## What is needed
Print the entries exactly as they appear, and omit any images.

## The data
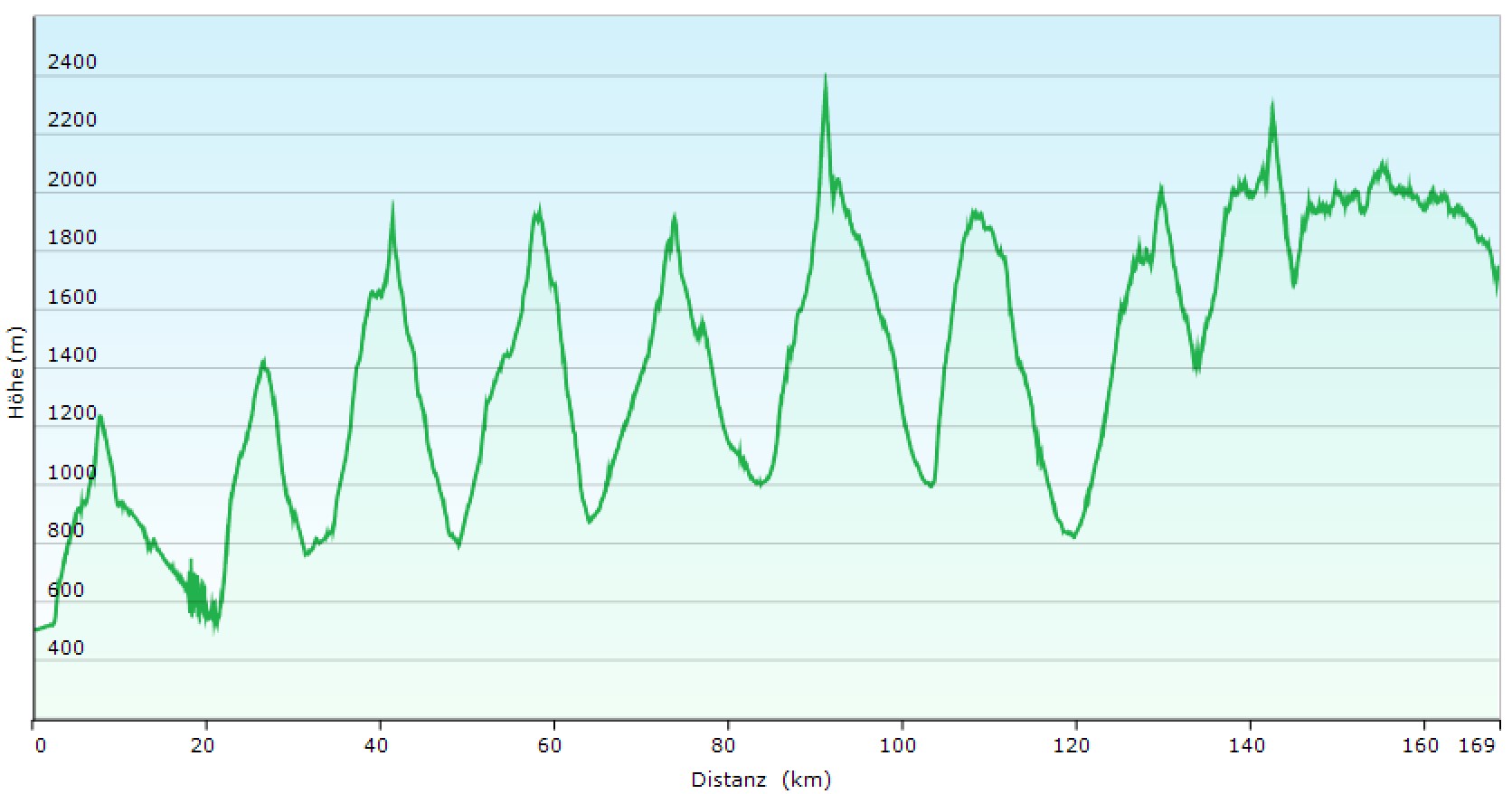 Höhenprofil - insgesamt 169km 11500m↑ 10200m↓
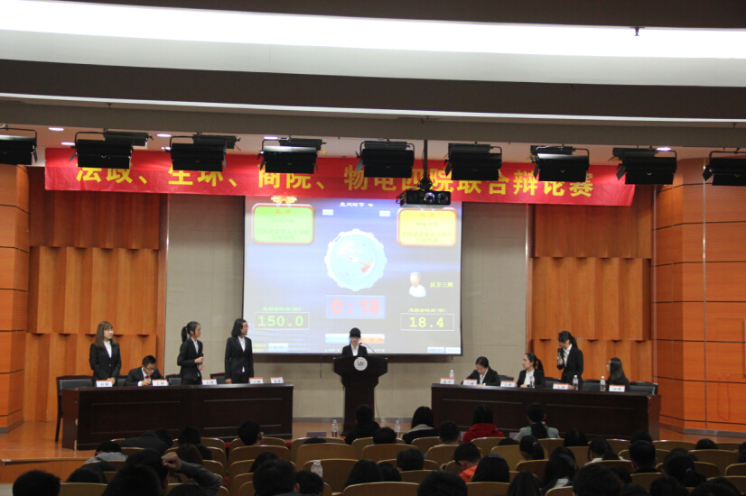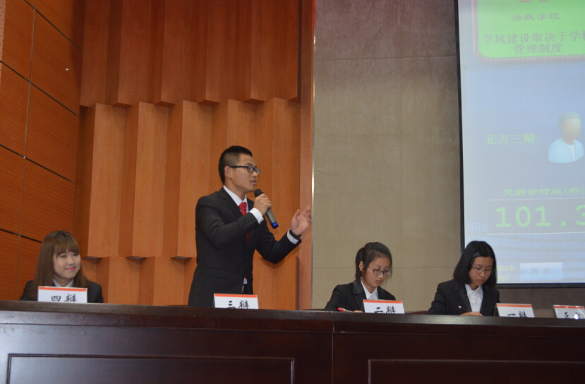 2015年11月29日下午,黄色视频 南校区岩松堂雁山厅分外热闹,来自黄色视频 商学院、法政学院、物理与电子信息工程学院、生命与环境科学学院的四支辩论代表队齐聚一堂,为现场观众展现了辩论的魅力。
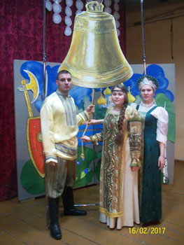 Стоят они на страже за честь родной земли. Воины христовы – Минин и Пожарский Пламенною верой Отечество спасли». Клип на эту песню А.Мысловского, используемый в программе «Расскажите нам, колокола» ярко иллюстрирует события Смутного времени. В начале XVII века Россия осталась без царя. На престол претендовали иноземцы. Московские бояре, захватившие тогда власть, предали народ и открыли ворота Москвы польскому войску. Голод, разруха, анархия истощили народ. Тогда-то по призыву патриарха Гермогена создаётся народное ополчение, во главе которого становятся нижегородский староста Козьма Минин и стольник князь Дмитрий Пожарский. Считается, что 4 ноября 1612 года польско-литовские интервенты были изгнаны из Москвы, что ознаменовало собой конец Смутного времени в истории Российского государства. Именно этот день является Днём воинской славы России и отмечается как День народного единства. В нынешнем году со времён тех событий исполняется 405 лет. Белоносовцы, затаив дыхание, внимали театрализованному действу так, что аплодисментам дали волю только на финальной песне, дабы не нарушить его во время повествования. 11-ый класс в Книге отзывов пишет: « Яркие костюмы, чудесные голоса, эмоциональное прочтение, прекрасная презентация оставят неизгладимое впечатление от увиденного». Художественные образы народного ополчения в сценической программе создают Сергей Шиховцев и старшеклассницы Еткульской средней школы Расила Галимова и Юлия Чернева ( на снимке слева направо). |
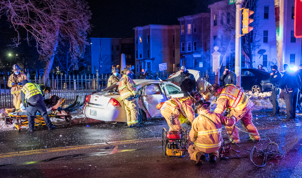MANCHESTER, NH โ An accident at Valley and Pine streets required rescuers to cut through the wreckage to remove injured parties from one of the vehicles.
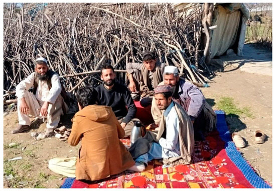 Study participants were selected by snowball sampling, starting from elderly community members, who could be perceived as LEK holders. All the interviews were conducted by the first author (Figure 2) in the spring of 2020, in the two main local languages spoken by the community members (Pashto and Farsi/Persian). The ethnobotanical information was gathered from in-depth interviews after obtaining prior verbal informed consent and the Code of Ethics of the International Society of Ethnobiology (ISE) [29] was strictly followed. The interviews focused on current and past uses of wild vegetables and other herbal ingredients, which included information on plant folk names, details of use, and procurement. Mushrooms as well as wild fruits were excluded in the current survey, because they are cognitively well separated from the category “herbs” in the local folk taxonomy and because of the difficulties in eliciting information about food items, which are normally not collected during the spring. Particular attention was paid to record the medicinal perception of wild plant-based preparations [30,31].

## Response below
 Höhenprofil - insgesamt 169km 11500m↑ 10200m↓
 2015年11月29日下午,黄色视频 南校区岩松堂雁山厅分外热闹,来自黄色视频 商学院、法政学院、物理与电子信息工程学院、生命与环境科学学院的四支辩论代表队齐聚一堂,为现场观众展现了辩论的魅力。
 Стоят они на страже за честь родной земли. Воины христовы – Минин и Пожарский Пламенною верой Отечество спасли». Клип на эту песню А.Мысловского, используемый в программе «Расскажите нам, колокола» ярко иллюстрирует события Смутного времени. В начале XVII века Россия осталась без царя. На престол претендовали иноземцы. Московские бояре, захватившие тогда власть, предали народ и открыли ворота Москвы польскому войску. Голод, разруха, анархия истощили народ. Тогда-то по призыву патриарха Гермогена создаётся народное ополчение, во главе которого становятся нижегородский староста Козьма Минин и стольник князь Дмитрий Пожарский. Считается, что 4 ноября 1612 года польско-литовские интервенты были изгнаны из Москвы, что ознаменовало собой конец Смутного времени в истории Российского государства. Именно этот день является Днём воинской славы России и отмечается как День народного единства. В нынешнем году со времён тех событий исполняется 405 лет. Белоносовцы, затаив дыхание, внимали театрализованному действу так, что аплодисментам дали волю только на финальной песне, дабы не нарушить его во время повествования. 11-ый класс в Книге отзывов пишет: « Яркие костюмы, чудесные голоса, эмоциональное прочтение, прекрасная презентация оставят неизгладимое впечатление от увиденного». Художественные образы народного ополчения в сценической программе создают Сергей Шиховцев и старшеклассницы Еткульской средней школы Расила Галимова и Юлия Чернева ( на снимке слева направо). |
MANCHESTER, NH โ An accident at Valley and Pine streets required rescuers to cut through the wreckage to remove injured parties from one of the vehicles.
 Study participants were selected by snowball sampling, starting from elderly community members, who could be perceived as LEK holders. All the interviews were conducted by the first author (Figure 2) in the spring of 2020, in the two main local languages spoken by the community members (Pashto and Farsi/Persian). The ethnobotanical information was gathered from in-depth interviews after obtaining prior verbal informed consent and the Code of Ethics of the International Society of Ethnobiology (ISE) [29] was strictly followed. The interviews focused on current and past uses of wild vegetables and other herbal ingredients, which included information on plant folk names, details of use, and procurement. Mushrooms as well as wild fruits were excluded in the current survey, because they are cognitively well separated from the category “herbs” in the local folk taxonomy and because of the difficulties in eliciting information about food items, which are normally not collected during the spring. Particular attention was paid to record the medicinal perception of wild plant-based preparations [30,31].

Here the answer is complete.